Forward-Looking Statements

This press release contains forward-looking statements made pursuant to the safe harbor provisions of the Private Securities Litigation Reform Act of 1995. Forward-looking statements are information of a non-historical nature and include statements regarding the timing and completion and use of proceeds of the public offering of common stock. Such forward-looking statements involve risks and uncertainties, including, without limitation, risks and uncertainties related to market conditions and the satisfaction of closing conditions related to the public offering, which are beyond Cohu’s ability to control. For a further description of the risks and uncertainties that could cause actual results to differ from those expressed in these forward-looking statements, as well as risks relating to Cohu’s business in general, please refer to Cohu’s Annual Report on Form 10-K for the year ended December 26, 2020, together with all of the other information contained in the preliminary prospectus supplement filed with the SEC on March 1, 2021. Cohu cautions stockholders and prospective investors that actual results may differ materially from those indicated by the forward-looking statements. Any forward-looking statements contained in this press release speak only as of the date hereof, and Cohu specifically disclaims any obligation to update any forward-looking statement, whether as a result of new information, future events or otherwise.

About Cohu:

Cohu (NASDAQ: COHU) is a global leader in back-end semiconductor equipment and services, delivering leading-edge solutions for the manufacturing of semiconductors and printed circuit boards.

FAQ

What is the size of the public offering by Cohu (COHU)?

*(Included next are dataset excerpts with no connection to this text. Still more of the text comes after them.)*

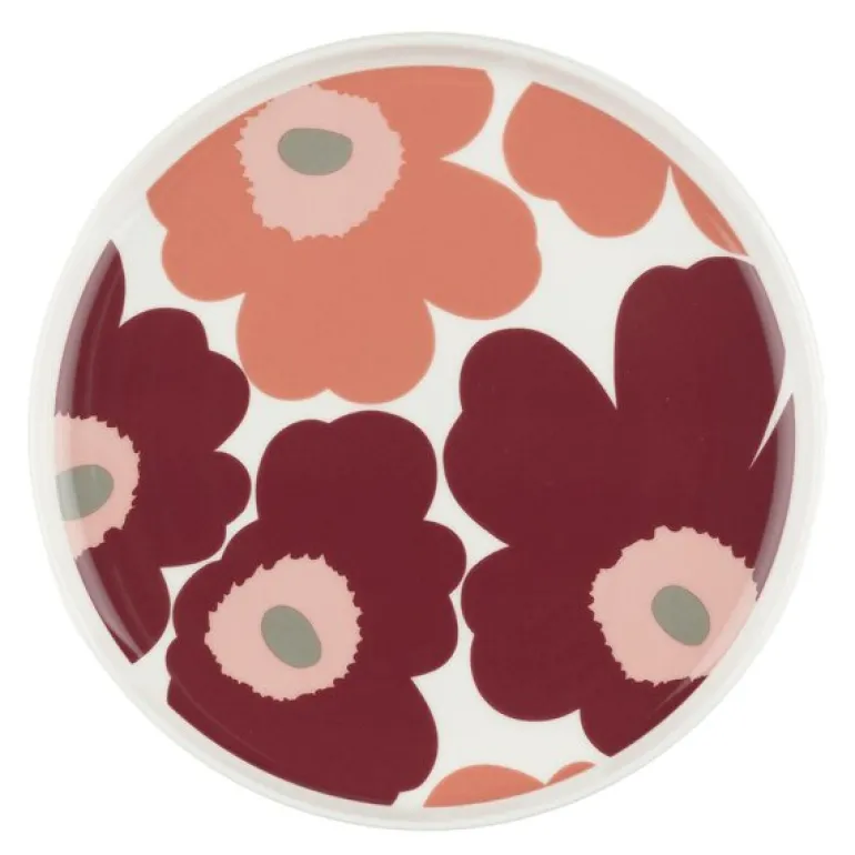 Oiva Unikko-tallerkenen på 20 cm fra Marimekko, i farger av hvit, mørk kirsebær og lakserød, er en allsidig og vakker tallerken laget av holdbart hvitt steingods. Den er både oppvaskmaskin- og ovnssikker, samt egnet for bruk i mikrobølgeovn og fryser, noe som gjør den perfekt for hverdagsbruk. Husk å fjerne klistremerket på undersiden før bruk, da det inneholder en liten mengde metall.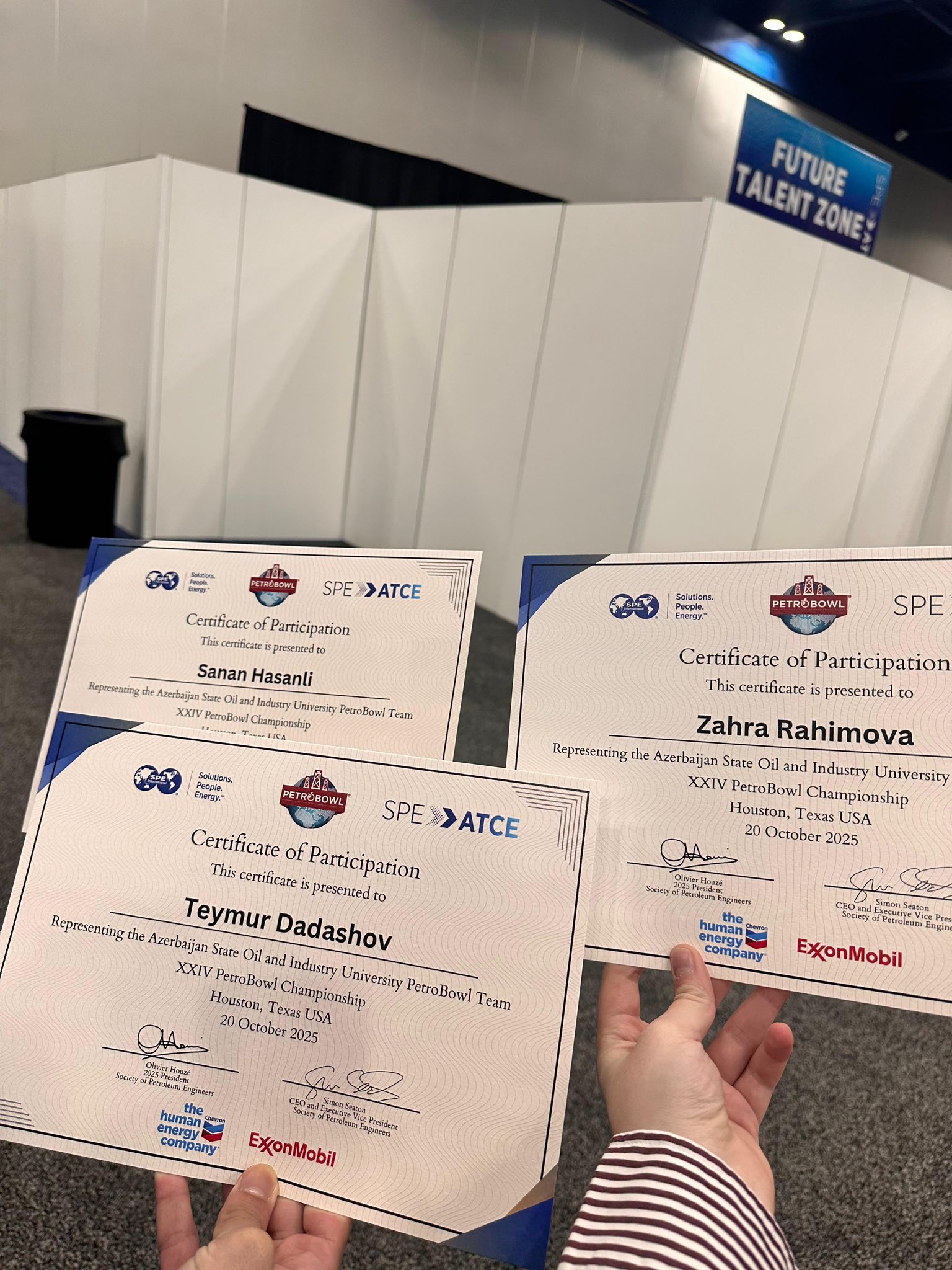 Azərbaycan Dövlət Neft və Sənaye Universitetinin (ADNSU) komandası ABŞ-da keçirilən “PetroBowl dünya çempionatı 2025” yarışmasında uğurlu çıxış edərək 1/4 final mərhələsinə qədər irəliləyib və dünyanın ən güclü səkkiz universitet komandası sırasına düşüb.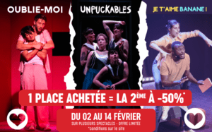 * pour tout achat de 2 places entre le 2 et le 14 février 2026, en catégorie 1 sur certaines représentations, dans la limite des places disponibles, non cumulable avec une autre offre.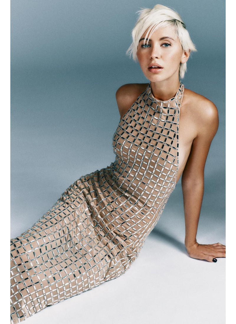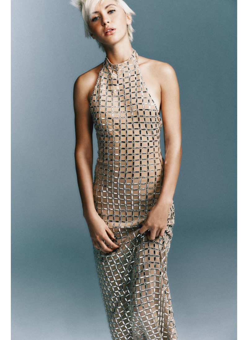 Высота модели: 165 cm | Размер: XS Платье миди из сетчатой ткани. Регулируемый вырез халтер на пуговицах, открытые плечи. Декоративные блестящие вставки контрастного цвета. Застежка-молния на спине, подол с разрезом...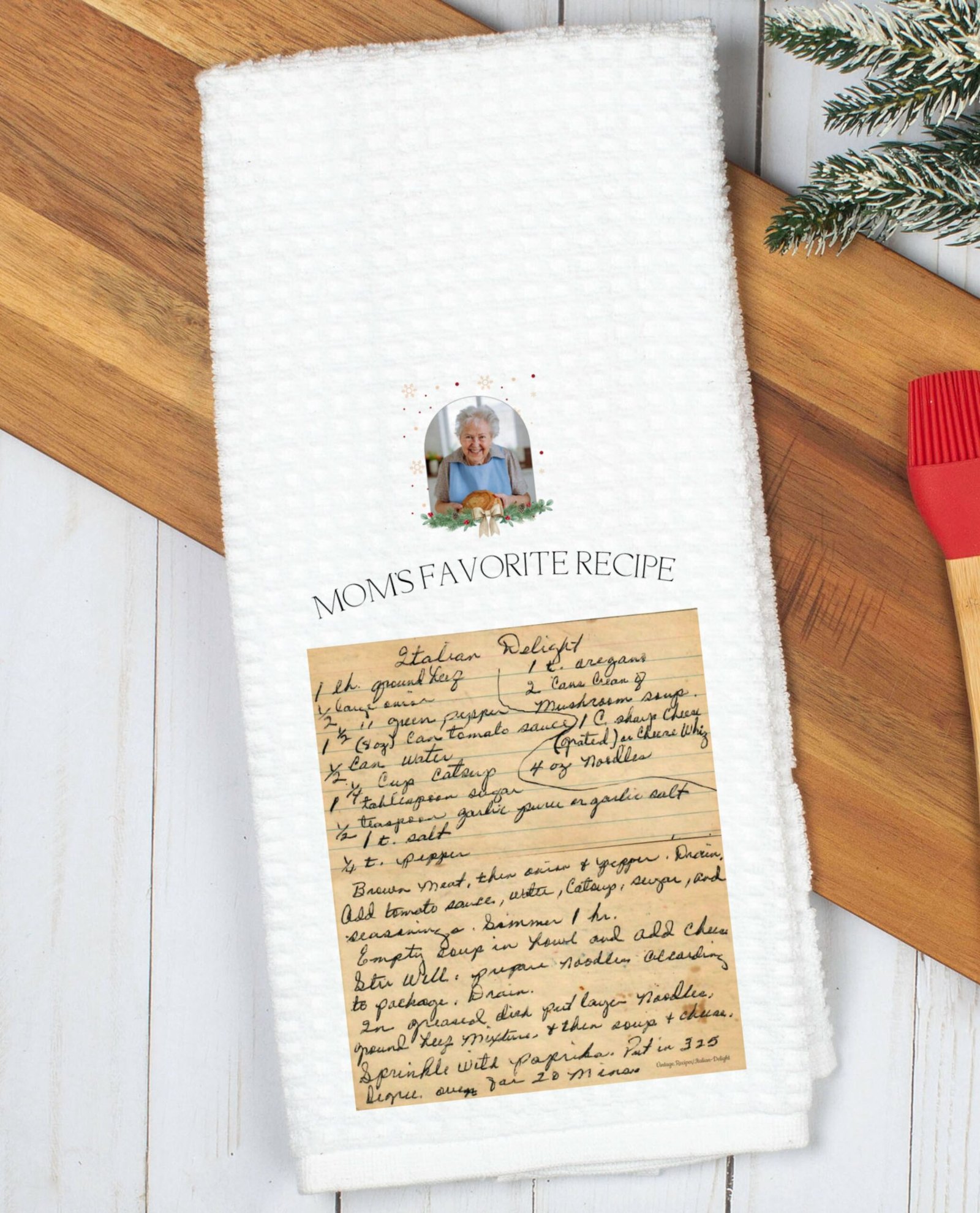 Preserve cherished family memories with our handwritten recipe towels, the perfect personalized kitchen gift. Each towel features a loved one’s original recipe, carefully cleaned up and printed on high-quality fabric for daily use or display. These custom recipe towels make thoughtful gifts for Mother’s Day, grandma’s birthday, Christmas, or memorial keepsakes, and are ideal for anyone who treasures family heirloom recipes. A unique and heartfelt kitchen decor gift, perfect for holidays, weddings, or housewarmings.

Cohu is offering 4,950,000 shares of common stock.

What is the price per share in Cohu's public offering?

The shares are priced at $41.00 each.

What are the expected proceeds from Cohu's stock offering?

The gross proceeds are expected to be approximately $203 million.

When is the closing date for Cohu's public offering?

The offering is expected to close on March 8, 2021.

How will Cohu use the net proceeds from the offering?

The proceeds will be used to repay term loan facilities and fund growth initiatives.